Yam, who received the 27th Singapore International Film Festival’s Cinema Legend award on Saturday, revealed this during an In Conversation event at the festival on Sunday.
“I’m not going to Hollywood to make Hollywood movies,” Yam said. “I’m staying in South East Asia. There are so many stories to be told here. Whether it is Singapore or Malaysia or China, people must tell their local stories. Build your foundation, focus on it and the world will come around.”
Yam’s performances in films including “PTU,” “Election,” “Echoes of the Rainbow” and “Ip Man,” and more recently “Mrs.

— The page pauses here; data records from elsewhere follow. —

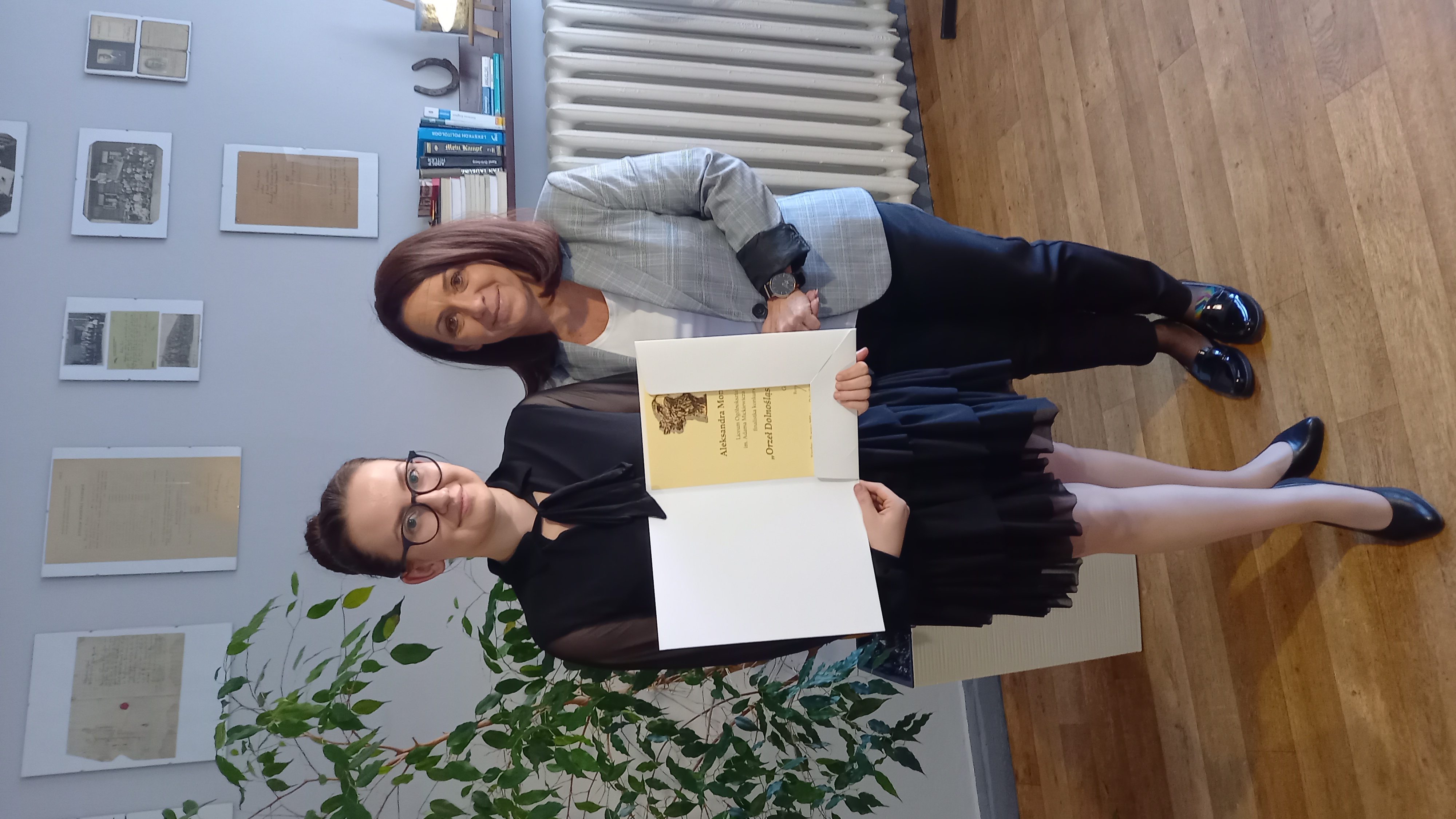 Uzdolniona humanistycznie Ola jest laureatką III miejsca w Ogólnopolskim Finale Konkursu Literackiego, zorganizowanego w ramach XXVII sesji Sejmu Dzieci i Młodzieży w Warszawie. W 2020 i 2021 roku jej prace zostały wyróznione w finale Dolnośląskiego Konkursu Literackiego o Laur Złotego Pióra „My Polacy, My Dolnoślązacy”. Aleksandra swoim osobistym przykładem poczucia obowiązku oraz dużego taktu, pokory i kultury osobistej zachęca innych uczniów do udziału w akcjach charytatywnych, m.in. na rzecz niepełnosprawnych mieszkańców Domu Opieki Społecznej we Wschowie. Aktorskie pasje realizuje w teatrze szkolnym „Adamus”. Trzykrotnie uczestniczyła w Ogólnopolskiej Akcji Narodowego Czytania. Wielkie zainteresowanie wśród młodych ludzi zyskał jej film pt.„Nie zgadnie nikt, że tonę”, poruszający problemy młodzieży związane m.in. z narkomanią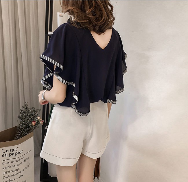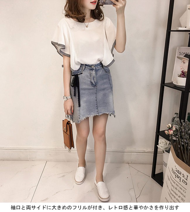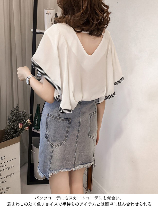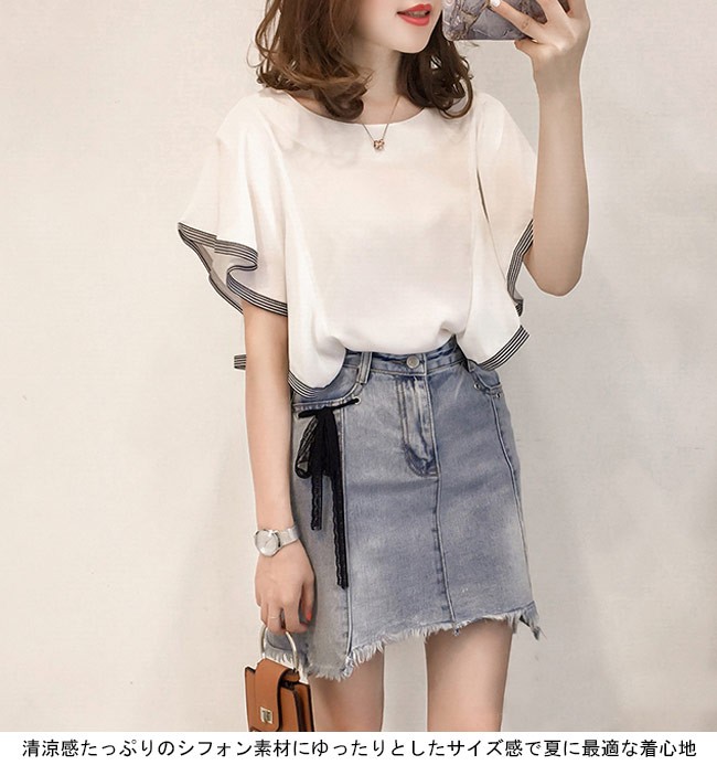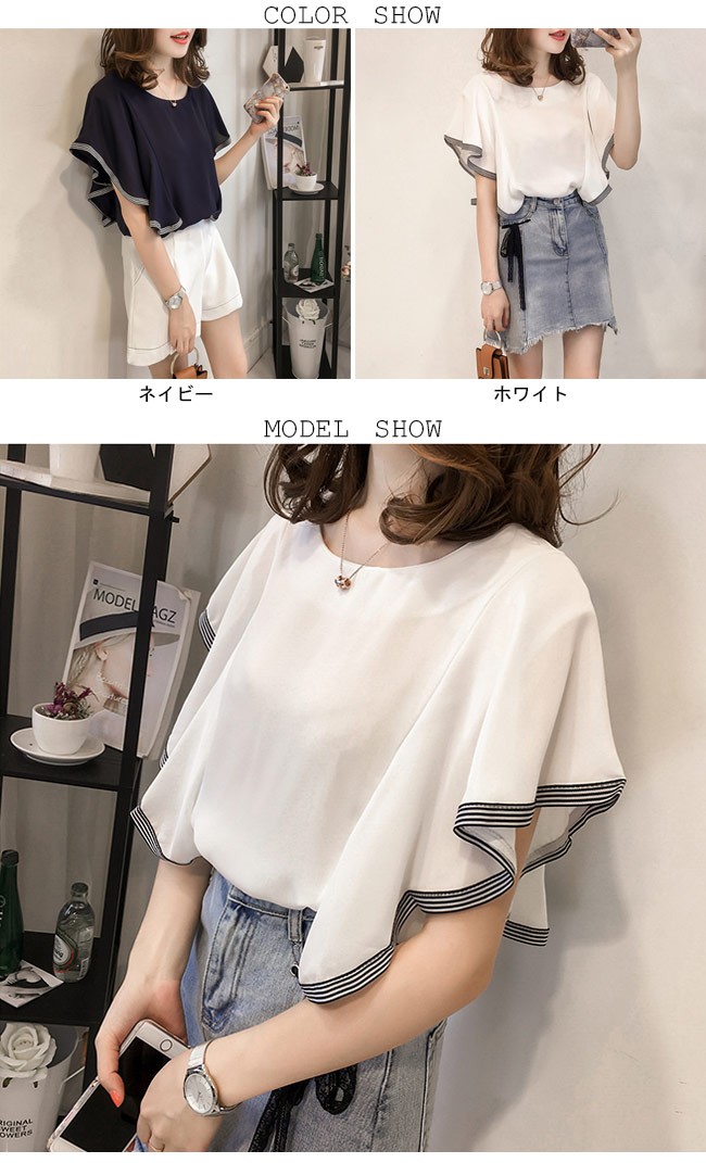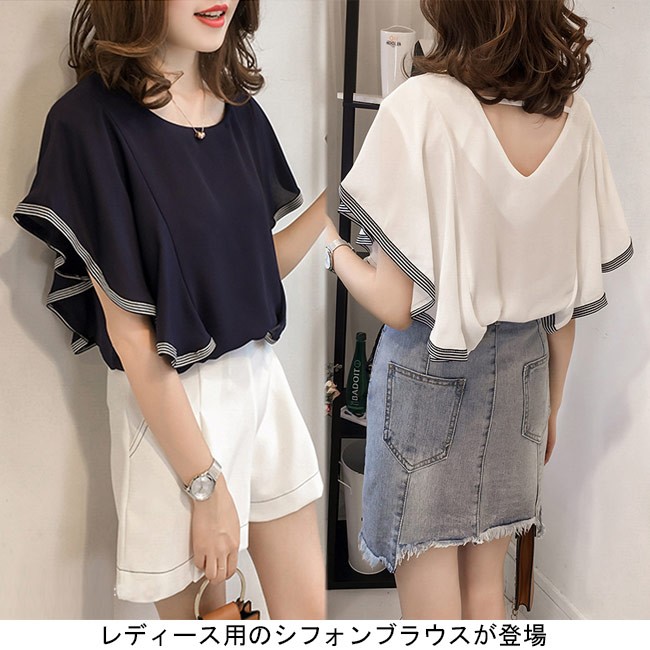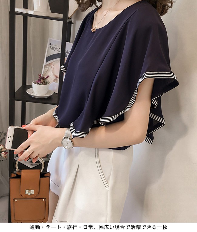 シフォンブラウス 体型カバー レディース 半袖ブラウス フリル ベルスリーブ ブラウス ゆったり トップス 半袖 女性用 夏物 着やせ 通勤レディース用のシフォンブラウスが登場清涼感たっぷりのシフォン素材にゆったりとしたサイズ感で夏に最適な着心地袖口と両サイドに大きめのフリルが付き、レトロ感と華やかさを作り出す前から見ると緩やかな丸襟で後ろから見るとセクシーなVネックのデザインはとても優雅な色気を感じるパンツコーデにもスカートコーデにも似合い、着まわしの効く色チョイスで手持ちのアイテムとは簡単に組み合わせられる通勤・デート・旅行・日常、幅広い場合で活躍できる一枚カラー:ネイビー ホワイト素材 ポリエステルサイズ(cm) M L XL 2XL 3XL 4XLM 肩幅38 着丈60 バスト96L 肩幅39 着丈61 バスト102XL 肩幅41 着丈62 バスト1082XL 肩幅42 着丈63 バスト1143XL 肩幅44 着丈64 バスト1204XL 肩幅45 着丈65 バスト126ご注意:※サイズは平置きサイズです。素人採寸ですので、若干の誤差がございます、ご了承ください。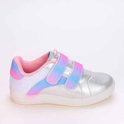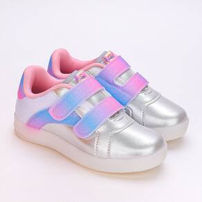 Prepare-se para uma explosão de estilo e diversão o tênis Kidy prateado. Com detalhes holográficos que encantam os olhos das pequenas fashionistas, esse modelo também oferece uma experiência de luzes led que piscam alegremente a cada passo, adicionando um toque de magia a cada movimento. Seu fechamento duplo em fita aderente não só garante um ajuste seguro e personalizado, mas também facilita o calçar, promovendo maior autonomia. Projetado com o conforto em mente, este tênis apresenta uma construção anatômica que oferece suporte e estabilidade aos pés em crescimento, enquanto a sola antiderrapante auxilia para maior aderencia dos passos em qualquer superfície. Combinando diversão e conforto, este tênis é o acessório perfeito para as pequenas estrelas que estão prontas para brilhar.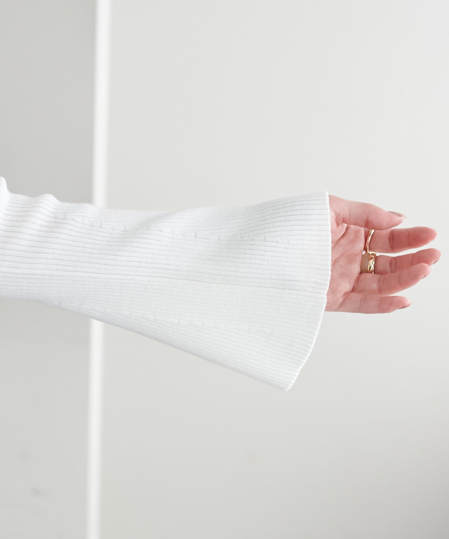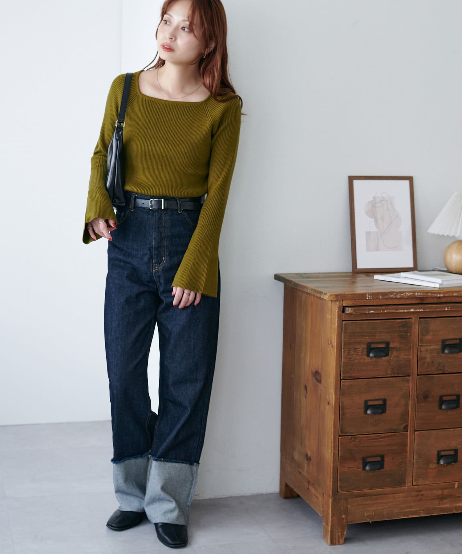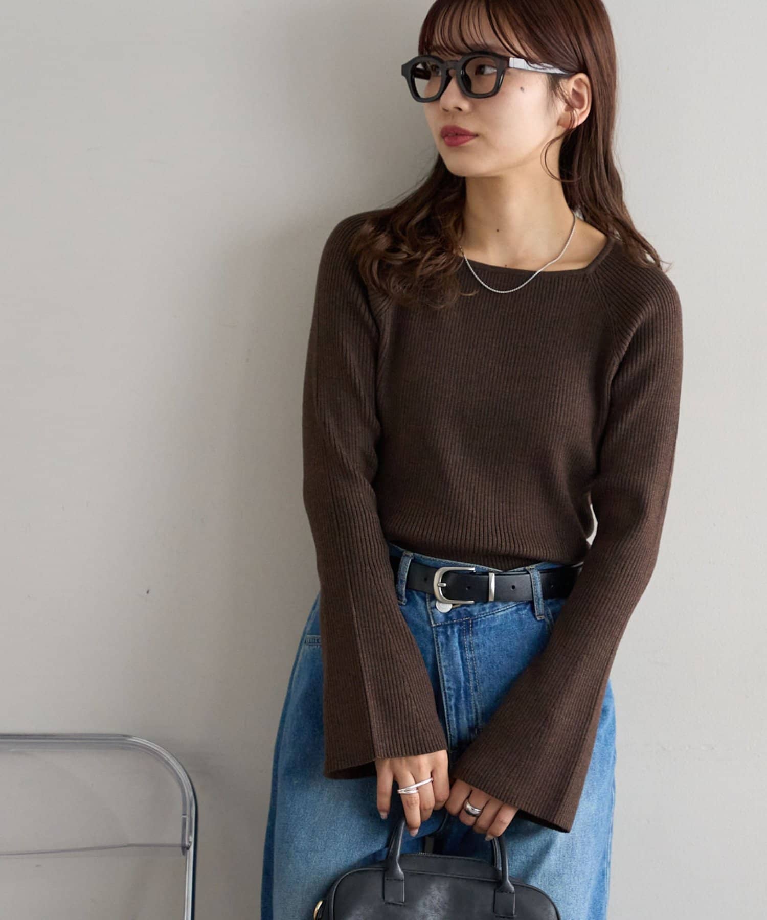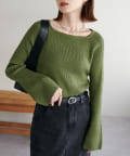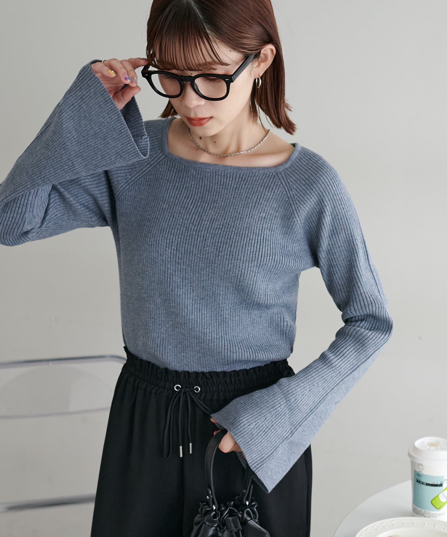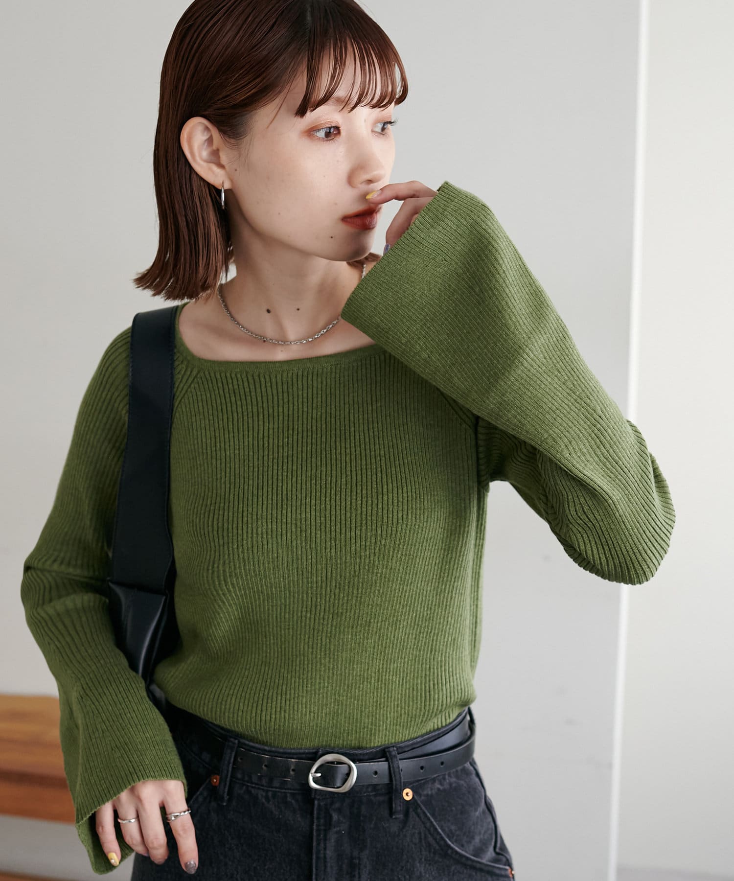 柔らかく伸縮性のある着心地のいいリブニット。袖口部分はフレアデザインなので1枚着でも様になります♪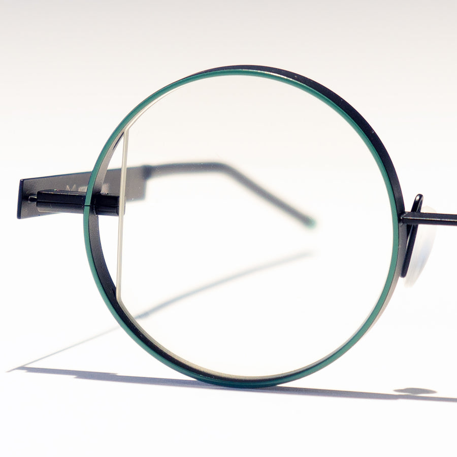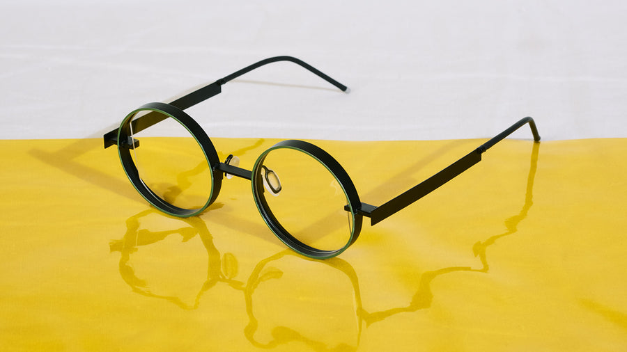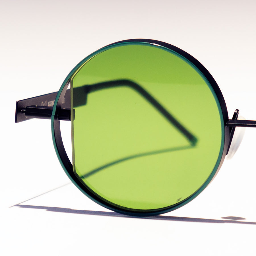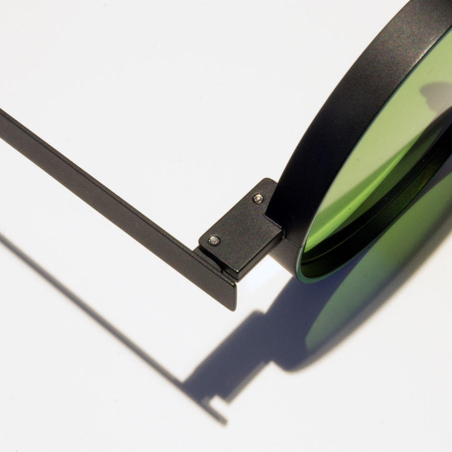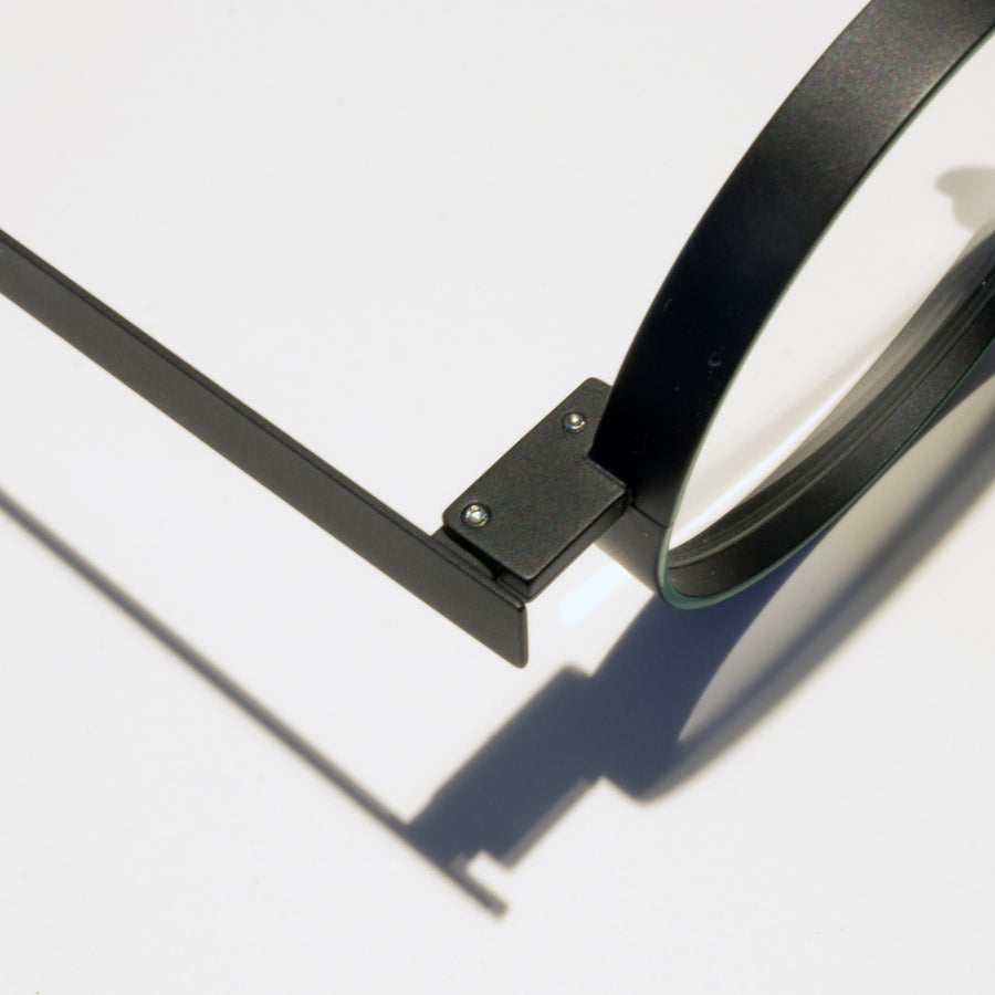 フラットな金属が次元の空間で組み上がることで独特のラインを作り上げたアイウエア「TWOFACE」。正面と側面から見たかけ姿の印象が変わるといった性格を持っています。そして大胆なレンズカットによるデザイン。設計と構造が生み出した必然性でカットされたレンズの形状が一つのアクセントとなっています。

K” have resonated around the world. “Don’t isolate yourself,” is Yam’s advice to actors. “The film industry is a communication between different countries,” he said.
Communication is a big part of Yam’s vocabulary and informs his craft. “I love to communicate with people, observe them and engage with them, that’s why I can play characters as diverse as gangsters or monks,” Yam said.
For now, Yam is going to look at acting in light comedies for the sake of his 12-year-old daughter Ella. “That’s only for five years until she grows up,” Yam says. “After that I want to go back to heavy roles – police, gangsters, psychopaths.”
Variety asked Yam whether the rumors of him starring alongside Don Wilson in Tim Delmar’s “Killing the Seeds” – an Asian-set, U.S. financed gang war thriller — were true. Yam asked to see the film’s IMDb entry and brought the house down when he said, “I haven’t received an email from them yet.”